Factoid question answering for spoken documents

  1. Comas Umbert, Pere Ramon
unter der Leitung von:
  1. Jordi Turmo Doktorvater/Doktormutter
  2. Lluís Márquez Villodre Doktorvater/Doktormutter

Universität der Verteidigung: Universitat Politècnica de Catalunya (UPC)

Fecha de defensa: 12 von Juni von 2012

Gericht:
  1. Horacio Rodríguez Hontoria Präsident/in
  2. Lluís Padró Cirera Sekretär/in
  3. Maarten de Rijke Vocal
  4. José-Luis Vicedo González Vocal
  5. Sophie Rosset Vocal

Art: Dissertation

Teseo: 114066 DIALNET

Zusammenfassung

In this dissertation, we present a factoid question answering system, specifically tailored for Question Answering (QA) on spoken documents. This work explores, for the first time, which techniques can be robustly adapted from the usual QA on written documents to the more difficult spoken documents scenario. More specifically, we study new information retrieval (IR) techniques designed for speech, and utilize several levels of linguistic information for the speech-based QA task. These include named-entity detection with phonetic information, syntactic parsing applied to speech transcripts, and the use of coreference resolution. Our approach is largely based on supervised machine learning techniques, with special focus on the answer extraction step, and makes little use of handcrafted knowledge. Consequently, it should be easily adaptable to other domains and languages. In the work resulting of this Thesis, we have impulsed and coordinated the creation of an evaluation framework for the task of QA on spoken documents. The framework, named QAst, provides multi-lingual corpora, evaluation questions, and answers key. These corpora have been used in the QAst evaluation that was held in the CLEF workshop for the years 2007, 2008 and 2009, thus helping the developing of state-of-the-art techniques for this particular topic.

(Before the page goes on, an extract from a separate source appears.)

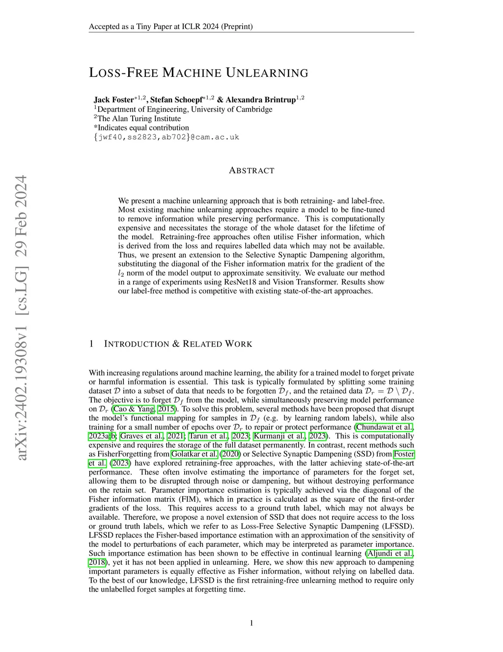 We present a machine unlearning approach that is both retraining- and label-free. Most existing machine unlearning approaches require a model to be fine-tuned to remove information while preserving performance. This is computationally expensive and necessitates the storage of the whole dataset for the lifetime of the model. Retraining-free approaches often utilise Fisher information, which is derived from the loss and requires labelled data which may not be available. Thus, we present an extension to the Selective Synaptic Dampening algorithm, substituting the diagonal of the Fisher information matrix for the gradient of the l2 norm of the model output to approximate sensitivity. We evaluate our method in a range of experiments using ResNet18 and Vision Transformer. Results show our label-free method is competitive with existing state-of-the-art approaches.
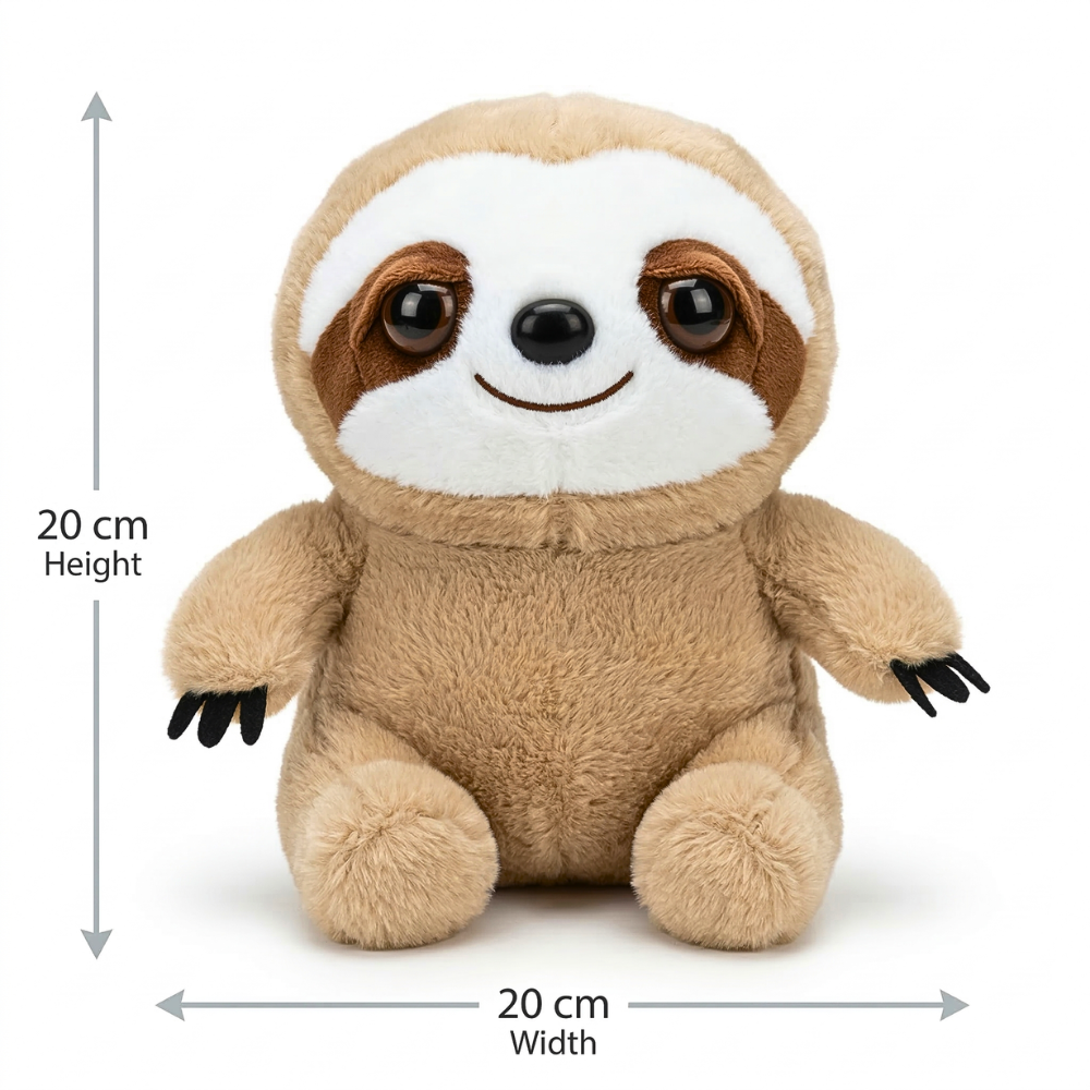 يبلغ ارتفاع دمية كسلان حوالي 20 سم بينما يصل عرضها إلى 20 سم، وهو حجم مناسب جدًا للأطفال. هذا الحجم يسمح للطفل بحمل الدمية بسهولة أثناء اللعب أو أثناء الخروج من المنزل.

The presentend QA system and all its modules are extensively evaluated on the European Parliament Plenary Sessions English corpus composed of manual transcripts and automatic transcripts obtained by three different Automatic Speech Recognition (ASR) systems that exhibit significantly different word error rates. This data belongs to the CLEF 2009 track for QA on speech transcripts. The main results confirm that syntactic information is very useful for learning to rank question candidates, improving results on both manual and automatic transcripts unless the ASR quality is very low. Overall, the performance of our system is comparable or better than the state-of-the-art on this corpus, confirming the validity of our approach.